[Items from a dataset]
▬▬▬▬▬▬▬▬▬▬

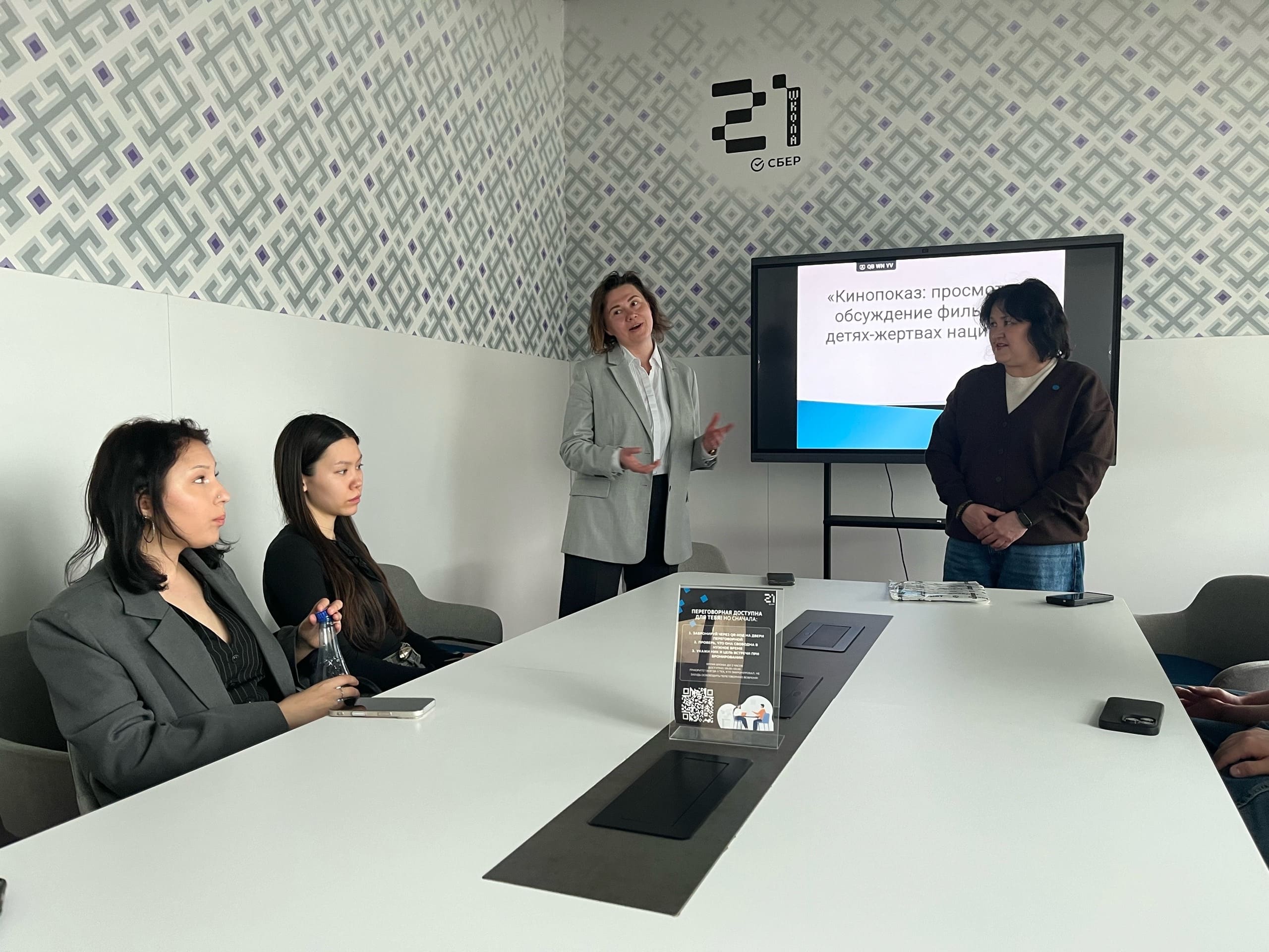 На базе образовательной платформы «Школа Сбербанк 21» прошло республиканское межвузовское воспитательное мероприятие «Кинопоказ: просмотр и обсуждение фильма о детях-жертвах нацизма»
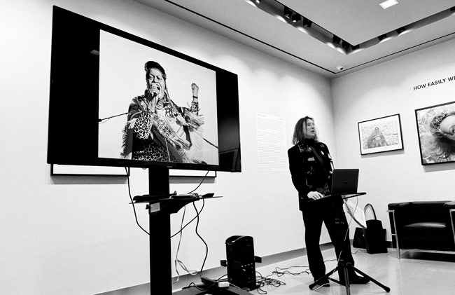 Top: Margo Cooper at Documentary Matters at the Leica Gallery Boston presenting her new book, Deep Inside the Blues.
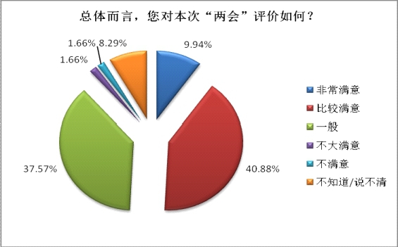 总体而言,上海市民对本次“两会”的成功举办给予了肯定,其中表示“非常满意”或“比较满意”的公众占50.82%。
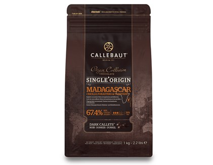 Single origin, 67% dark chocolate chips (callets) from Callebaut's Signature Collection, created with cocoa exclusively grown in Madagascar. This fruity dark chocolate couverture offers notes of acidulous red fruits with a touch of citrus.
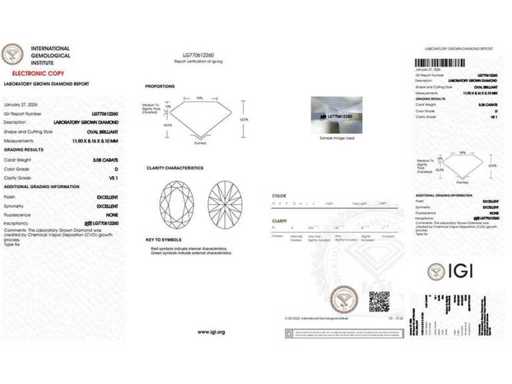 Ten laboratoryjnie wyhodowany diament posiada oficjalny certyfikat IGI oraz raport potwierdzający jego jakość. Zobacz certyfikat na zdjęciach lub zapoznaj się z tabelą powyżej, aby uzyskać szczegółowe specyfikacje. Wszystkie cechy zostały zaczerpnięte bezpośrednio z towarzyszącego raportu IGI.
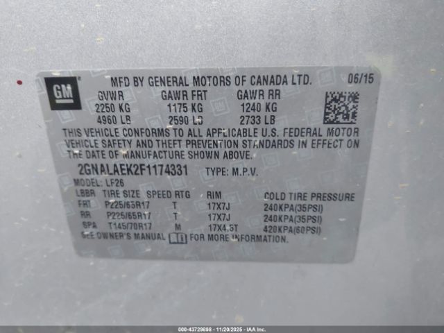 | VIN : 2GNALAEK2F1174331 |
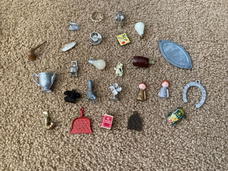 Title (ebay affiliate link): Vintage Cracker Jack Gumball Charm Prizes Some Tin Marked Moving Parts
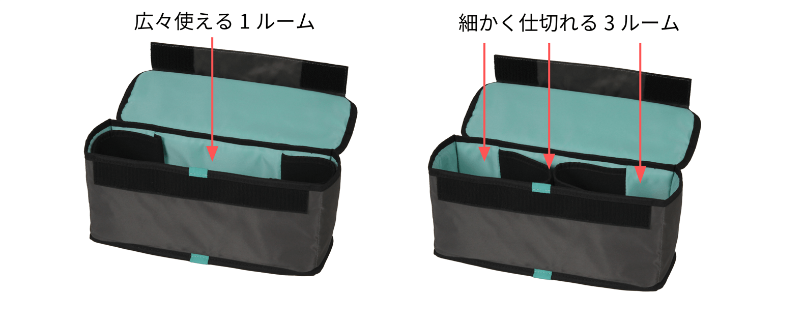 蔵ボックスは中の内羽根をボックス内壁に沿わせれば1ルームに、両方の羽を中心に広げれば3ルームに仕分けることができます。内羽根はクッション性があるので機材同士がぶつかり合うこともありません。
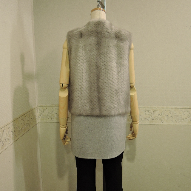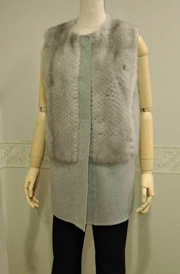 ミンク/カシミアサファイアカラ-ベスト(M、68cm丈)
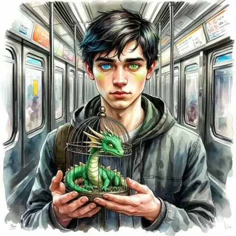 Но вот на горизонте появляется эксцентричный человек с необычным питомцем. В клетке у него загадочная рептилия с сине-зеленой чешуей, сверкающей позолотой. Эти глазки словно заглядывают в душу, а крылья — как у стрекозы. Неужели это дракон? Поразительное событие, хотя так мало кому это заметно.
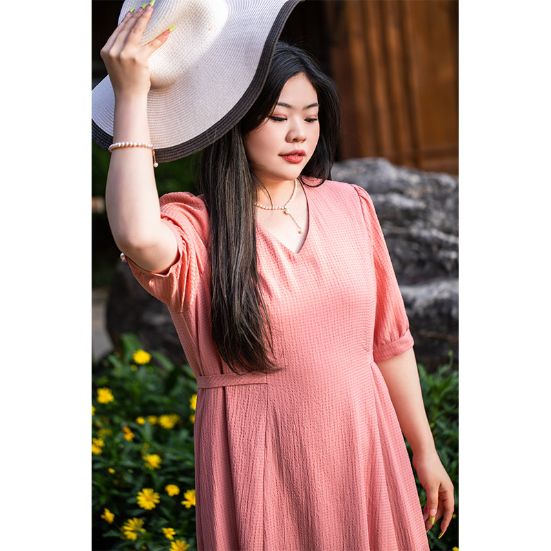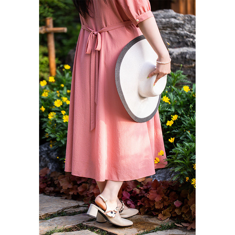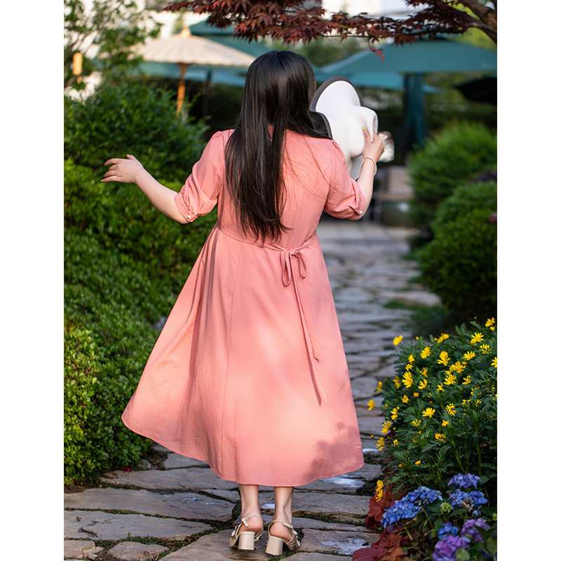 📚 美丽客栈国色天香大码连衣裙夏季法式优雅收腰胖MM粉色连衣裙
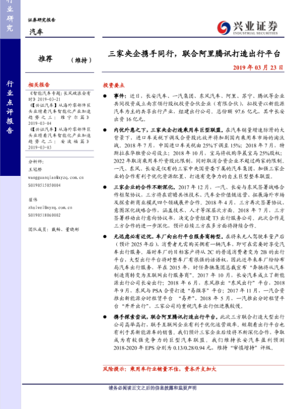 【兴业证券】【20190323】三家央企携手同行,联合阿里腾讯打造出行平台-3页 行业研究

▬▬▬▬▬▬▬▬▬▬

> [Exercise]
Copy out, without any pictures, the lines of the records above from the one containing "ミンク/カシミアサファイアカラ-ベスト(M、68cm丈)" through the final line, both ends included.

> [Solution for this exercise]
 ミンク/カシミアサファイアカラ-ベスト(M、68cm丈)
 Но вот на горизонте появляется эксцентричный человек с необычным питомцем. В клетке у него загадочная рептилия с сине-зеленой чешуей, сверкающей позолотой. Эти глазки словно заглядывают в душу, а крылья — как у стрекозы. Неужели это дракон? Поразительное событие, хотя так мало кому это заметно.
 📚 美丽客栈国色天香大码连衣裙夏季法式优雅收腰胖MM粉色连衣裙
 【兴业证券】【20190323】三家央企携手同行,联合阿里腾讯打造出行平台-3页 行业研究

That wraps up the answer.